Why the Marshall Islands are rocking the boat at UN shipping talks

Foreign minister Tony de Brum has maritime emissions in his sights in the latest bid to safeguard his country’s future

Castle Bravo blast (US Department of Energy)

Castle Bravo blast (US Department of Energy)

By Megan Darby

People say the afterglow of a nuclear bomb blast is like sunset and sunrise at the same time.

Tony de Brum prefers to liken the experience to “standing under a glass bowl while somebody pours blood over it”.

Now foreign minister of the Marshall Islands, he was 9 years old when he witnessed “Operation Castle Bravo”: a US H-bomb 1,000 times more powerful than that which devastated Hiroshima.

“There are many parallels” between the fallout from the nuclear testing of the 1950s and climate change, says de Brum. Both endanger his people; both are driven by powerful outside interests.

A seasoned campaigner on both fronts, the septuagenarian tells RTCC why the shipping sector is his latest target in his Pacific nation’s bid for survival.

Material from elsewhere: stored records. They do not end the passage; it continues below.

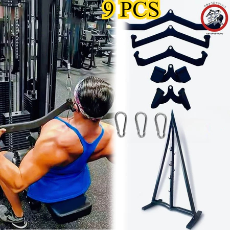9PCS/Set Dual Function Back Workout Equipment /Mag Grip Handles Premium/Fitness Gym Cable Attachment Power Handle Bar La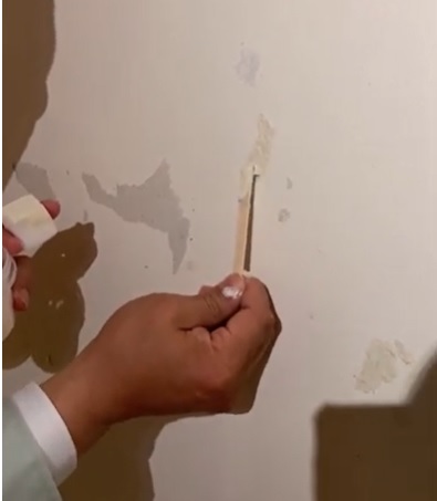 テープを貼って、それを剥がした時に、一緒にしっくいが剥がれてしまった場合など、しっくいの剥がれがひどい場合の補修を説明します。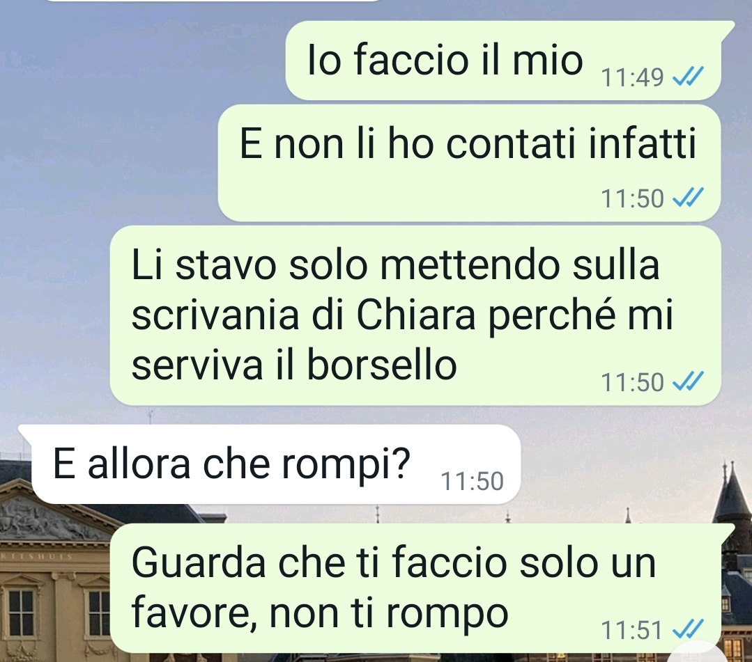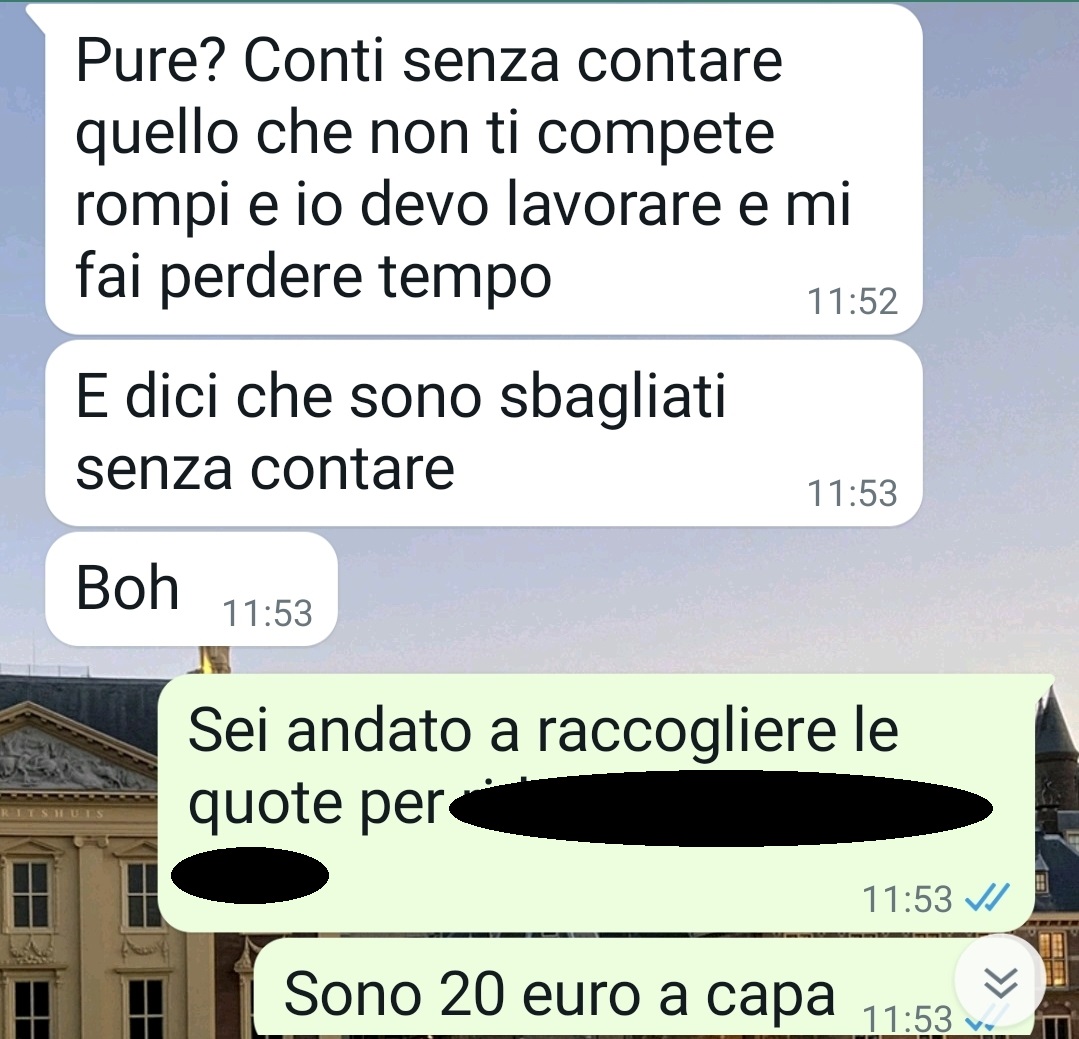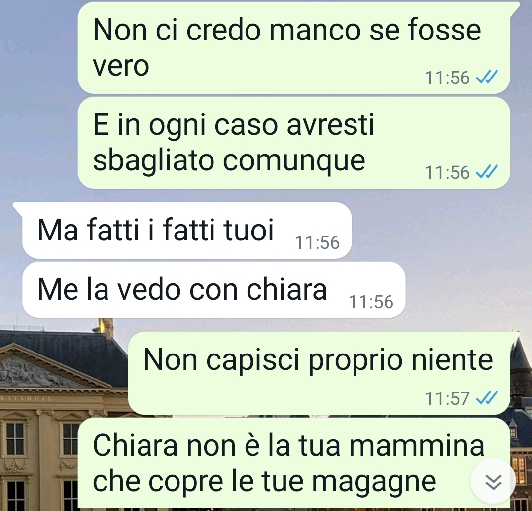 Davide condivide la sua frustrazione riguardo a Maurizio, il cognato, il cui comportamento sta causando tensioni sia in famiglia sia sul posto di lavoro. Sposato con la sorella di Davide da tre anni, Maurizio ha dimostrato una notevole instabilità lavorativa, avendo cambiato cinque impieghi in questo breve lasso di tempo. La situazione sta causando disperazione nella sorella di Davide e disappunto nel padre, che ha sempre espresso dubbi sul valore professionale e personale di Maurizio.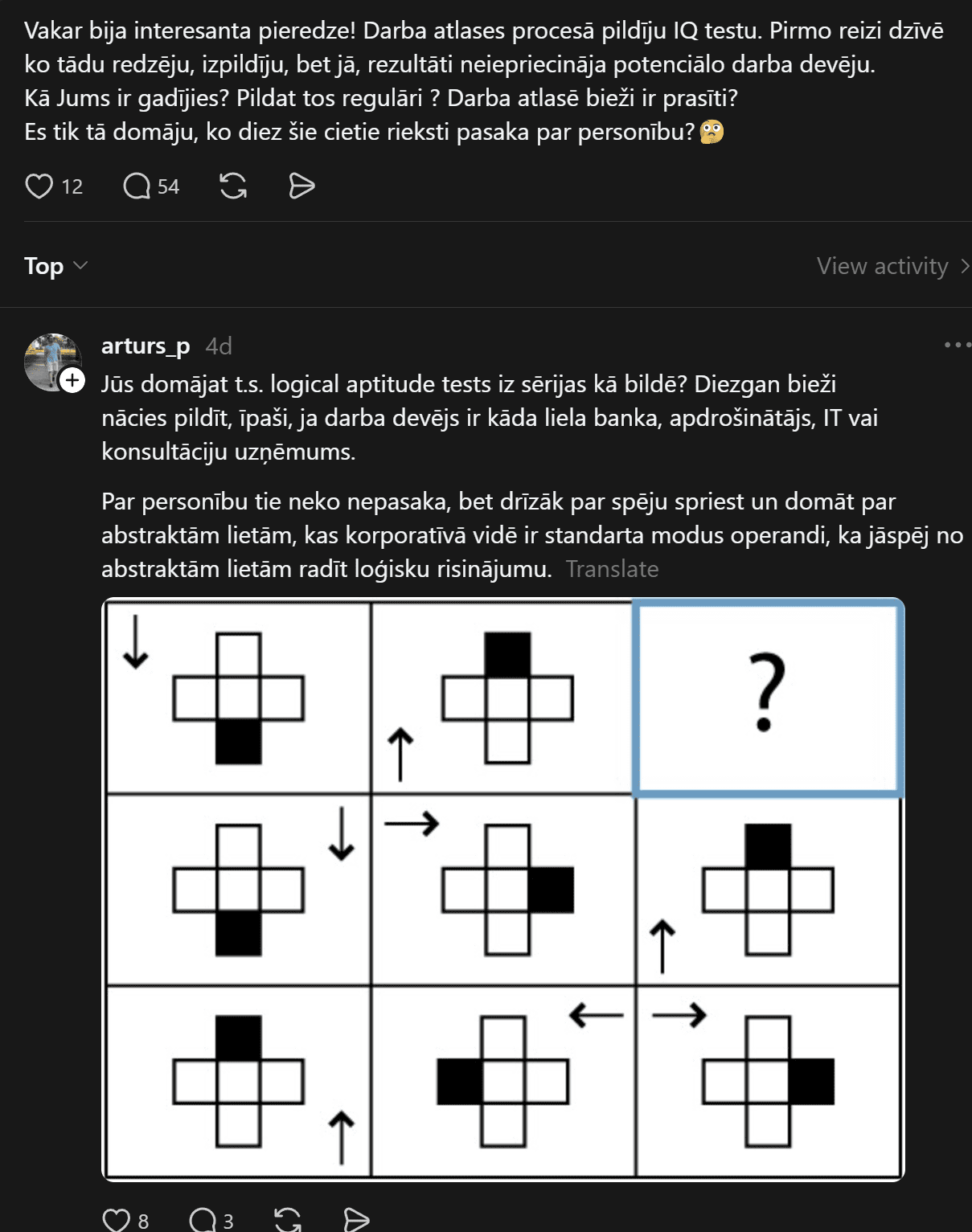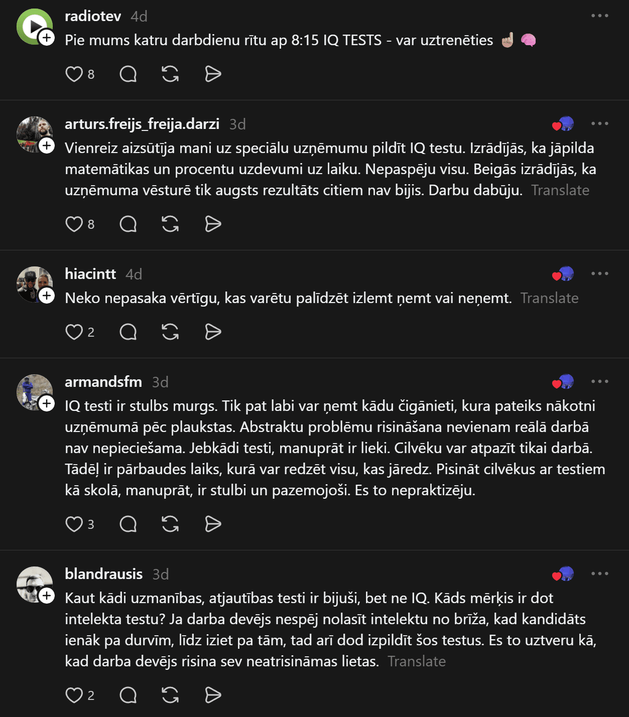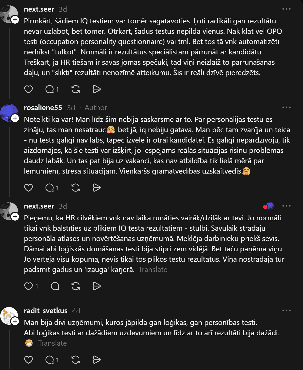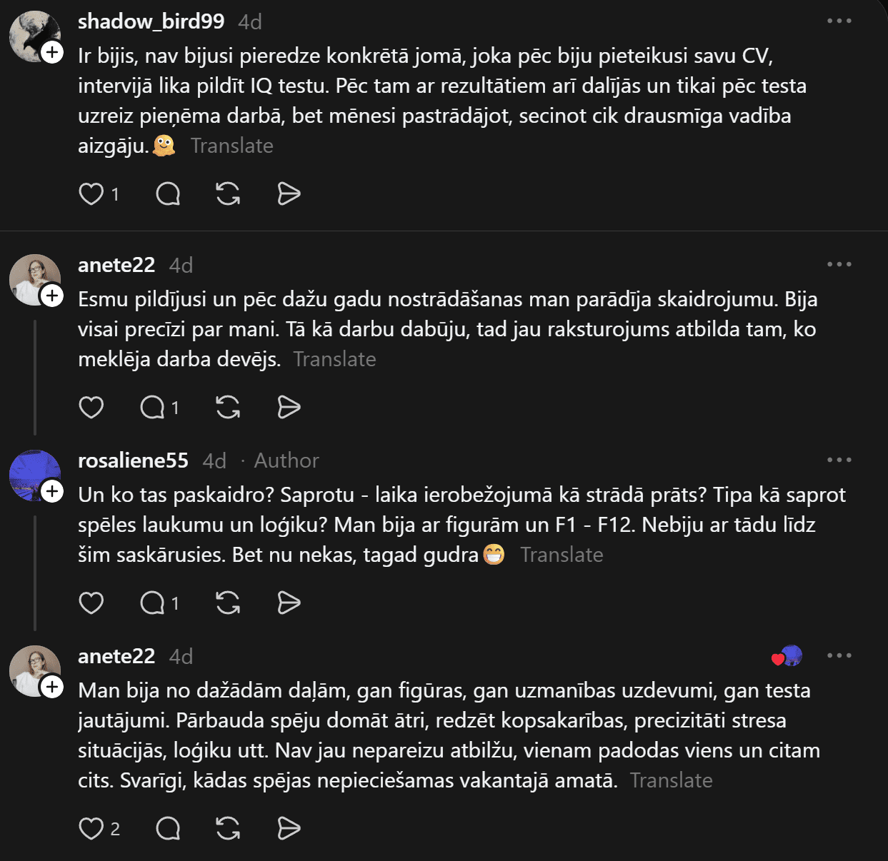 “Vakar bija interesanta pieredze! Darba atlases procesā pildīju IQ testu. Pirmo reizi dzīvē ko tādu redzēju, izpildīju, bet jā, rezultāti neiepriecināja potenciālo darba devēju. Kā Jums ir gadījies? Pildāt tos regulāri? Darba atlasē bieži ir prasīti? Es tik tā domāju, ko diez šie cietie rieksti pasaka par personību?” sieviete jautā.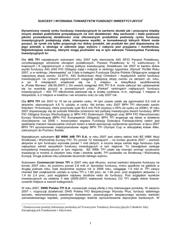 SUKCESY I WYZWANIA TOWARZYSTW FUNDUSZY INWESTYCYJNYCH1 Dynamiczny rozwój rynku funduszy inwestycyjnych to zarówno skutek jak i przyczyna między innymi działań podmiotów prowadzących na nim działalność. Aby zachować i stale podnosić jakość prowadzonej działalności oraz oferowanych produktów podmioty rynku funduszy inwestycyjnych podejmują stałe, intensywne wysiłki, w konsekwencji których Klient może poczuć, że rynek nie tylko proponuje mu dobry produkt, ale produkt ten jest dopasowany do jego potrzeb a obsługa w zakresie jego wyboru i nabycia jest przyjazna i komfortowa. Najistotniejsze sukcesy, którymi mogą pochwalić się w tym zakresie Towarzystwa Funduszy Inwestycyjnych to: Dla AIG TFI największym sukcesem roku 2007 było stworzenie AIG SFIO Parasol Podatkowy, umożliwiającego obniżenie obciążeń podatkowych. Parasol Podatkowy to 12 subfunduszy: 6 krajowych i 6 zagranicznych o różnej polityce inwestycyjnej. Dodatkowo rok 2007 to bardzo dobre wyniki funduszy AIG (AIG FIO Obligacji zajął I miejsce w rankingu tygodnika „Wprost” Portfel Roku 2007, a w rankingu „Newsweeka” za 3 lata w kategorii Fundusze Dłużne Polskie Obligacyjne osiągnął najwyższą stopę zwrotu: 22,67%, AIG Subfundusz Akcji Chińskich i Azjatyckich wśród funduszy inwestujących na rynkach zagranicznych osiągnął najlepszą stopę zwrotu za sierpień ub. roku, a po 8 miesiącach znajdował się na 2 miejscu w klasyfikacji opublikowanej w „Pulsie Biznesu” (06.09.2007r.). Do swoich osiągnięć AIG TFI S.A. może zaliczyć tez uplasowanie się na wysokiej pozycji w prowadzonych przez „Parkiet” rankingach najlepszych funduszy inwestycyjnych – AIG TFI kilkukrotnie plasował się w ścisłej czołówce, m.in. zajmując 1 miejsce w listopadzie, a 2 miejsce w kwietniu i we wrześniu oraz za cały 2007 rok. Dla BPH TFI rok 2007 to 10 lat na polskim rynku. W tym czasie udało się zgromadzić 6,5 mld zł aktywów, stanowiących 4,8 % udziału w rynku. Na koniec roku 2007 BPH TFI oferowało swoim Klientom 19 funduszy, które przyniosły zysk 93,4 mln PLN (wyższy o 55% od zysku za 2006r). W roku 2007 dopasowując się do potrzeb Klientów zmieniono też politykę inwestycyjna dwóch funduszy: BPH FIO Obligacji Europy Wschodzącej (z BPH FIO Dolarowych Obligacji) oraz BPH FIO Nieruchomości Europy Wschodzącej (BPH FIO Europejskich Obligacji). BPH TFI angażuje się także w działania charytatywne: od 2006 r. towarzystwo wspiera Fundację Dziecięca Fantazja,której celem jest spełnianie marzeń nieuleczalnie chorych dzieci a także sponsoruje wydarzenia sportowe: w lipcu 2007 BPH TFI sponsorowało międzynarodowe regaty BPH TFI Olympic Cup w olimpijskiej klasie 49er, zaliczanych do Pucharu Świata. Największym sukcesem BZ WBK AIB TFI S.A. w roku 2007 jest udany debiut Arki BZ WBK Akcji Środkowej i Wschodniej Europy FIO. Po ponad 12 miesiącach – na koniec grudnia 2007 – wartość aktywów w tym funduszu wynosiła ponad 1 mld złotych, a roczna stopa zwrotu tego funduszu była najwyższa wśród wszystkich funduszy inwestujących w tym regionie. To niewątpliwe zasługa kompetencji inwestycyjnych w tym regionie. BZ WBK TFI udało się również ominąć ryzykowne inwestycje w modne w zeszłym roku małe i średnie spółki, TFI postawiło na Środkową i Wschodnią Europę. Druga połowa roku pokazała słuszność takiego wyboru. Sukcesem Commercial Union TFI w 2007 roku jest 46-proc. wzrost wartości aktywów funduszy na koniec 2007 roku, do poziomu ponad 2,6 mld zł. Sprzedaż funduszy, mimo spadków na giełdzie w drugiej połowie roku, była dwukrotnie wyższa niż w 2006 roku, osiągając 1,5 mld zł. TFI cieszy również fakt zwiększenia udziału w rynku TFI z 1,82 proc. do 1,94 proc. pod względem aktywów i z 1,4 do 2,4 proc. pod względem napływu środków netto do funduszy. Pod względem wyników inwestycyjnych za ostatnie 3 lata (2005-2007) większość funduszy CU TFI zajęła dobre trzecieczwarte miejsca w swoich kategoriach. W roku 2007, DWS Polska TFI S.A. rozszerzyło swoją ofertę o trzy interesujące produkty. W sierpniu 2007 r. rozpoczął działalność DWS Polska FIO Bezpiecznego Wzrostu Plus, fundusz stabilnego wzrostu, rekomendowany zasobnym Inwestorom, poszukującym bezpiecznego wzrostu wartości zainwestowanego kapitału, przewyższającego średnie oprocentowanie depozytów bankowych. W 1 Zamieszczone poniżej informacje pochodzą od Towarzystw Funduszy Inwestycyjnych Członków Izby Zarządzających Funduszami i Aktywami. 1 grudniu 2007 r. do oferty Towarzystwa dołączył DWS Polska FIO Akcji Spółek Eksportowych, pierwszy na polskim rynku fundusz akcyjny, bezpośrednio ukierunkowany na wykorzystanie rosnącej dynamiki polskiego eksportu. Prace prowadzone w roku 2007 zaowocowały w styczniu 2008 r. wejściem na rynek DWS Parasol SFIO, nowej platformy produktowej, oferującej szeroki wybór innowacyjnych strategii inwestycyjnych, proponowanych przez poszczególne subfundusze, w zakresie ryzyka, rynków geograficznych oraz sektorów branżowych. Dla ING TFI największym sukcesem roku 2007 jest zarządzanie największym funduszem parasolowym na rynku - ING Parasol SFIO Towarzystwo wprowadziło ponadto dwa innowacyjne produkty: ING Subfundusz Środkowoeuropejski Sektora Finansowego Plus ING Subfundusz Środkowoeuropejski Średnich i Małych Spółek Plus. Za największy rynkowy sukces w 2007 roku KBC TFI może uznać ogromne zainteresowanie jakie wzbudził wśród inwestorów fundusz KBC Index Nieruchomości II FIZ, w którym zysk zależy od zmiany indeksu EPRA, odzwierciedlającego sytuację na europejskim rynku nieruchomości. Fundusz oferuje swoim uczestnikom na koniec inwestycji, w przypadku niekorzystnej sytuacji rynkowej, ochronę zainwestowanego kapitału. Ogromne zainteresowanie produktem na rynku znalazło swoje potwierdzenie w aktywach pozyskanych do funduszu w trakcie subskrypcji – ponad 650 milionów złotych zainwestow

Comment: Climate change threatens entire Pacific cultures

With rising seas threatening to swamp its low-lying coral atolls, the Marshall Islands has long been a vocal advocate for climate action.

But until earlier this year, the Majuro government turned a blind eye to the rising emissions trajectory of one of its biggest industries.

It is the third biggest flag registry in the world, after Panama and Liberia: responsible for regulating a 118 million tonne fleet.

“It was pointed out to us by many of our friends worldwide there was a discrepancy here,” says de Brum. “You are the third largest shipping registry in the world, but there doesn’t seem to be any consideration of what that industry must contribute.”

The government took advice from the UK, among other allies, and commissioned research from the University of the South Pacific.

Shipping accounts for 3% of global emissions, it found, and without further action that is set to increase to 6-14% by 2050.

Report: UN shipping body shelves emissions target

The sector lies outside the remit of the UN climate body, which only covers national actions. But its greenhouse gases enter the same atmosphere and have the same effect on temperatures.

The Marshall Islands came up with a proposal, tentatively asking the UN shipping body to “start the process to consider” an emissions target.

That proved too radical for the International Maritime Organization (IMO), which after an hour and a half’s consideration shelved the idea.

It was a “disappointment” to de Brum, who came to London to appeal to delegates in person.

“We would have hoped that the IMO would have got excited about taking the lead in some of these efforts.”

While he was speaking, he tells RTCC, his constituency was being inundated by waves from Typhoon Dolphin, the third tropical storm in six weeks.

It is only May and the typhoon season peaks in August. “Even our elders, who are supposed to know these patterns, say nature is confused.”

Report: Cargo owners demand transparency on shipping emissions

His was a rare appearance by a politician in a forum dominated by industry voices and registry officials.

Observers say his intervention ruffled some feathers with the country’s usual maritime representatives.

And he admits his colleagues were “having puppies” since he suggested to the Guardian they might cease to register oil rigs.

That was not a move the Marshall Islands is likely to make unilaterally, de Brum hastens to clarify, but is an option to consider.

“Many members of our team think if we push too hard on this issue, it may spook business,” he says.

While “we are not going to shoot ourselves in the foot,” he adds: “The registry belongs to the country and we don’t want to have a situation where the tail is wagging the dog.”

On average just 2m above sea level, the Marshall Islands are vulnerable to storm surges (Pic: Alson J Kelen)

On average just 2m above sea level, the Marshall Islands are vulnerable to storm surges (Pic: Alson J Kelen)

De Brum is speaking to RTCC the morning after the IMO debate, in the middle of a punishing travel schedule.

He is recovering from a mosquito-borne virus and picks at the full English breakfast his advisor insists on putting in front of him.

But he is not defeated. The IMO’s inaction was “a wake-up call” and de Brum will be sharing his experience on the rest of his tour: Petersberg Climate Dialogue, Paris Climate Week then Asia.

Because for all the danger looming over the Marshall Islands, the thought of giving up and leaving is “repugnant”.

Many Marshallese were forced to move after the US nuclear testing made some parts of the country radioactive no-go zones.

They suffered birth defects, cancers and social stigma. To this day, de Brum has “chicken skin”, which he attributes to the exposure.

“There is only so much pushing around you can do to a community of human beings before something breaks.

“And if these islands go, it is only a matter of time before the rest of the world starts smarting from climate change impacts.”